Стоящий рядом со мной капитан Волков, понимающе ухмыльнулся. Он бы и сам, наверное, прыгал от счастья, если бы провел весь световой день под землей, в коридорах и кабинетах, лишенных окон.
– Ну, думаю, проблем с тобой больше не будет. – произнес он, протягивая руку.
– Тише травы, ниже воды, тащ капитан.
– Про лагерь не забудь. Смежники ребята такие, без понимания. Опоздаешь на транспорт – объявят в розыск. А я что-то устал за тобой гоняться.
– Даже не переживайте. Не подведу. А можно наглый вопрос?
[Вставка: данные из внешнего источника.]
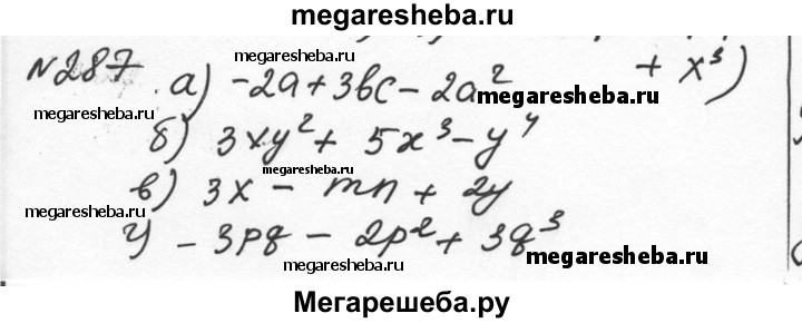 287. Напишите многочлен, противоположный данному: а) 2а – 3bс + 2а^2; б) -3ху^2 - 5х^3 + у4; в) -Зx + mn - 2у; г) 3pq + 2р^2 - 3q^3.
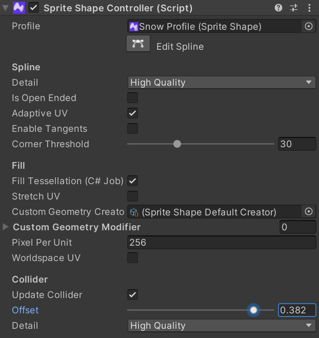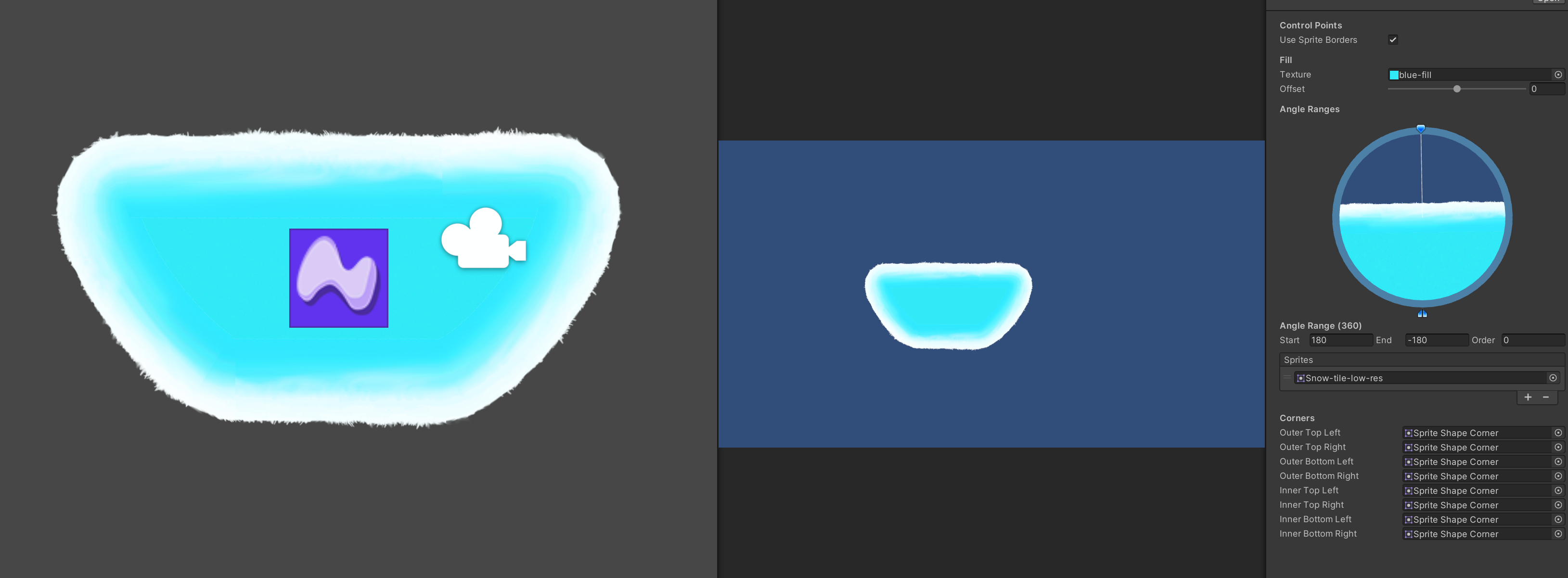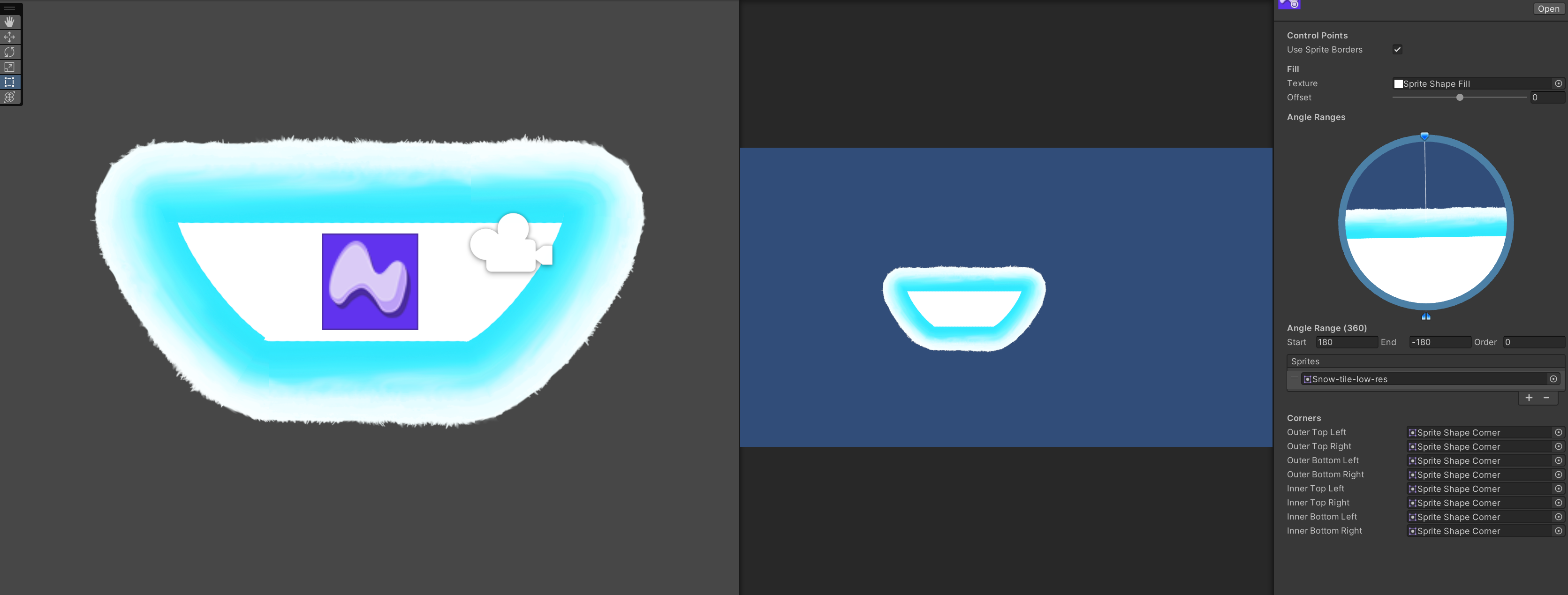 참고로 Sprite Shape가 매끄러운 곡선인 이유는 Sprite Editor에서 미리 필요한 직선 부분만 잘라놨기 때문.

– Почему-то я даже не удивлен… Говори!
– Хотел попросить. Не сейчас, потом как-нибудь. Можно будет узнать, чем дело с Корейцем закончилось?
– Глебов, ты кажется сегодня столько бумаг подписал о неразглашении, что должен понимать…
– Да понимаю я, понимаю! Говорю же, не сейчас. Потом, если будет такая возможность.
– Посмотрим. Шагай уже.
– Ну, пока тогда.
Закончилась для меня вся эта история уже глубоким вечером. Точнее, ночью даже. После того, как Вавилов взвесил меня и измерил, безликий кэкээсник отвел в другое помещение. Там я получил специальную отметку в идентификатор, что я сверх и представляю повышенную опасность для людей.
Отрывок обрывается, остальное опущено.